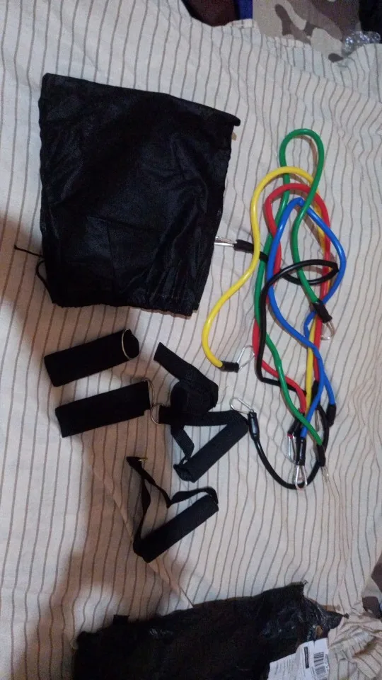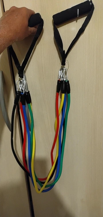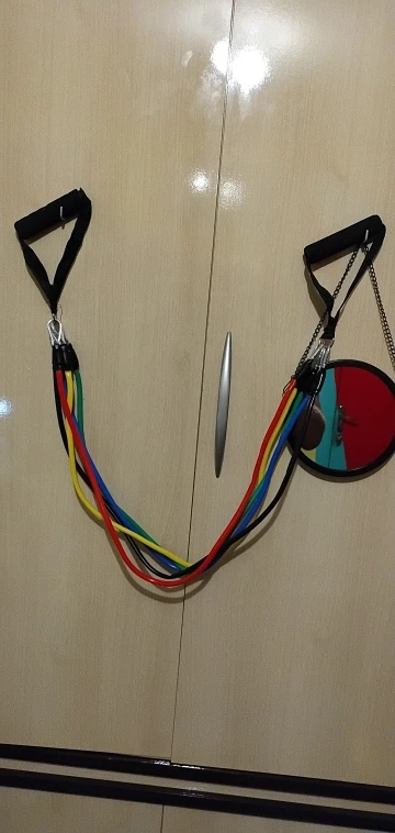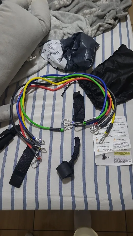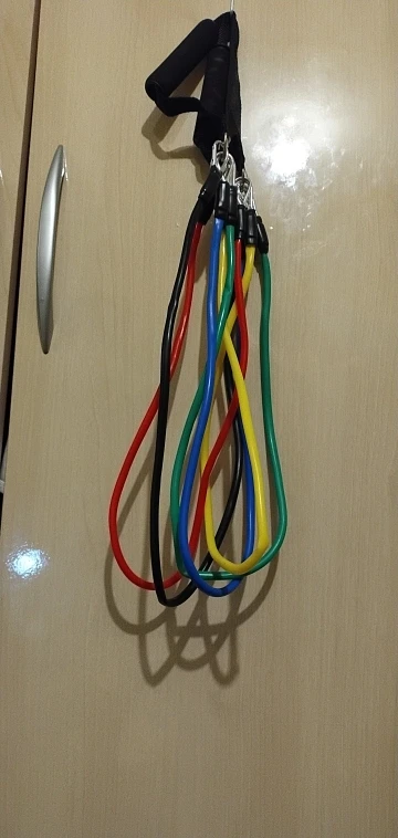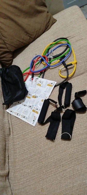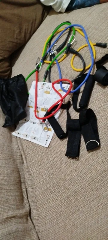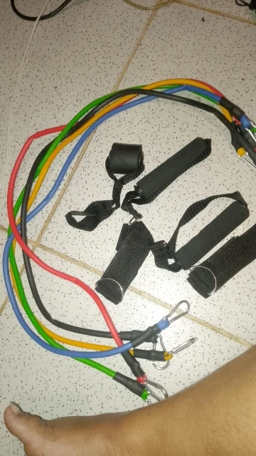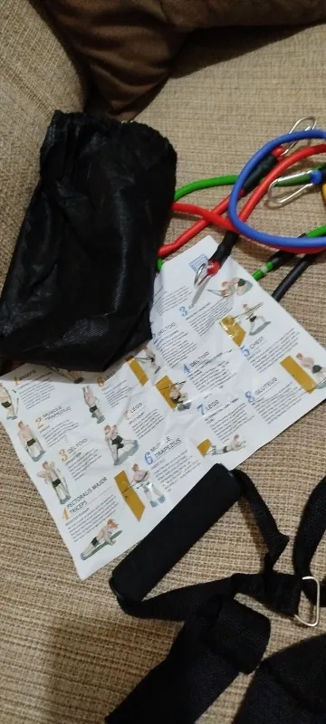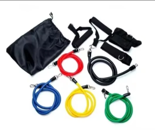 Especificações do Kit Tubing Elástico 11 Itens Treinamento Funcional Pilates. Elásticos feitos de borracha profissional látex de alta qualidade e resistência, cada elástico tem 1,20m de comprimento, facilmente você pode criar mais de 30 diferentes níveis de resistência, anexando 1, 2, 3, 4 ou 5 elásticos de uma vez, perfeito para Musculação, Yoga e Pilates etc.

● ● ● ●

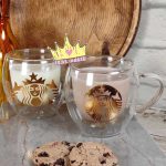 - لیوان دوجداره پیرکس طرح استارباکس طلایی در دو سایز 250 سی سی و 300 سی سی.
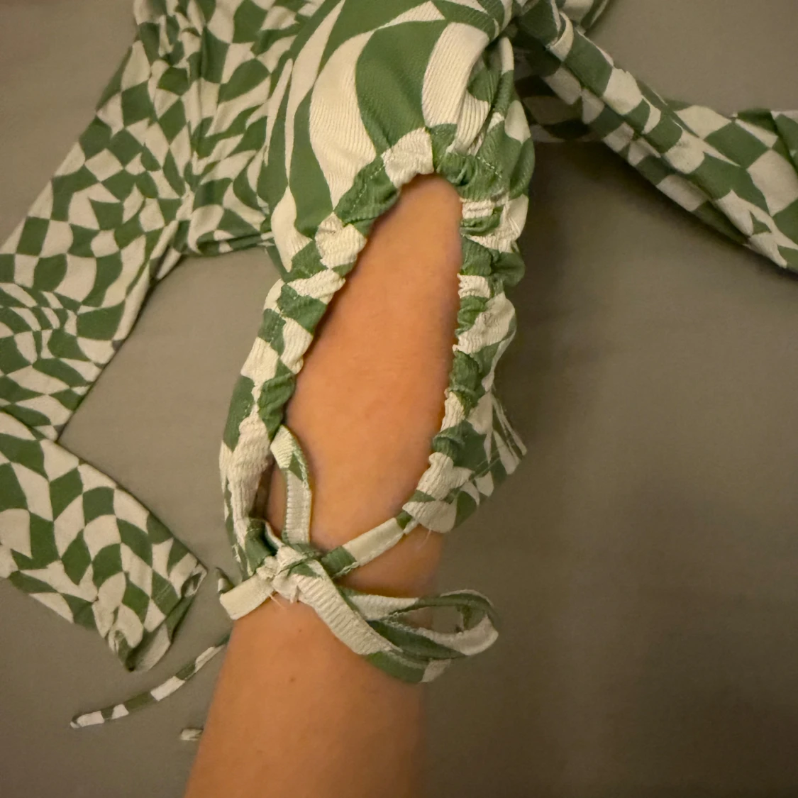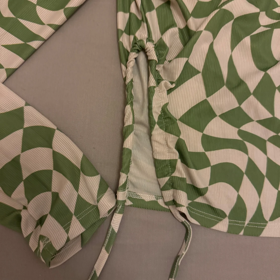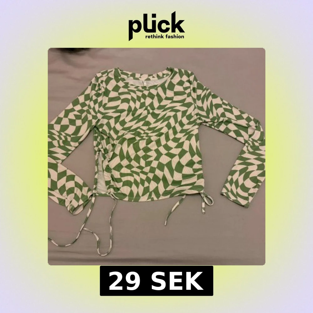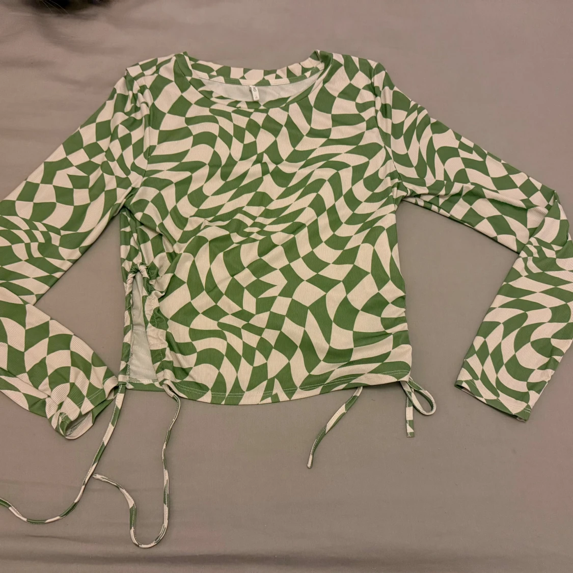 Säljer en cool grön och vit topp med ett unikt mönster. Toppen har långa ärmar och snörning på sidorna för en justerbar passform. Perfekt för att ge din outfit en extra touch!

● ● ● ●

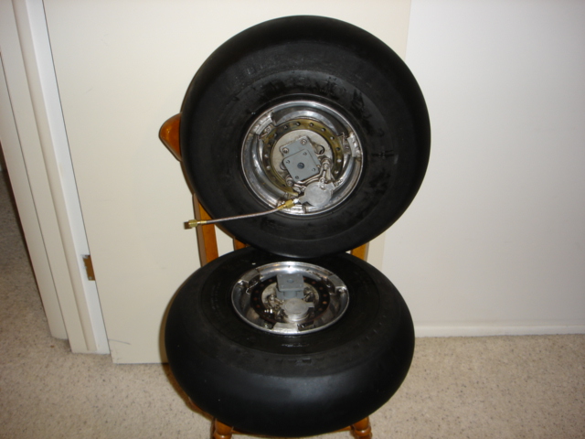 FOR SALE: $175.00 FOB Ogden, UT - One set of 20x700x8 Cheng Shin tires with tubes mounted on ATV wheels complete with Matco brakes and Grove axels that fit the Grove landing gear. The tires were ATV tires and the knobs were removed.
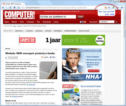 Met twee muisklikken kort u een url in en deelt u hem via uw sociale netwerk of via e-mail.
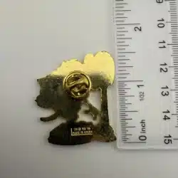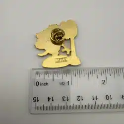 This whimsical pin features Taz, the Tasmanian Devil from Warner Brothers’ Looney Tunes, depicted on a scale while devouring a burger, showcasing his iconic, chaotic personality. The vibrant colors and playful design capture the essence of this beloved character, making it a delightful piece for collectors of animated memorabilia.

● ● ● ●

Required action:
Please copy out from the data above, without any picture, exactly the lines running from the one that holds "- لیوان دوجداره" through the one that holds "Säljer en cool", and nothing beyond them.

Result:
 - لیوان دوجداره پیرکس طرح استارباکس طلایی در دو سایز 250 سی سی و 300 سی سی.
 Säljer en cool grön och vit topp med ett unikt mönster. Toppen har långa ärmar och snörning på sidorna för en justerbar passform. Perfekt för att ge din outfit en extra touch!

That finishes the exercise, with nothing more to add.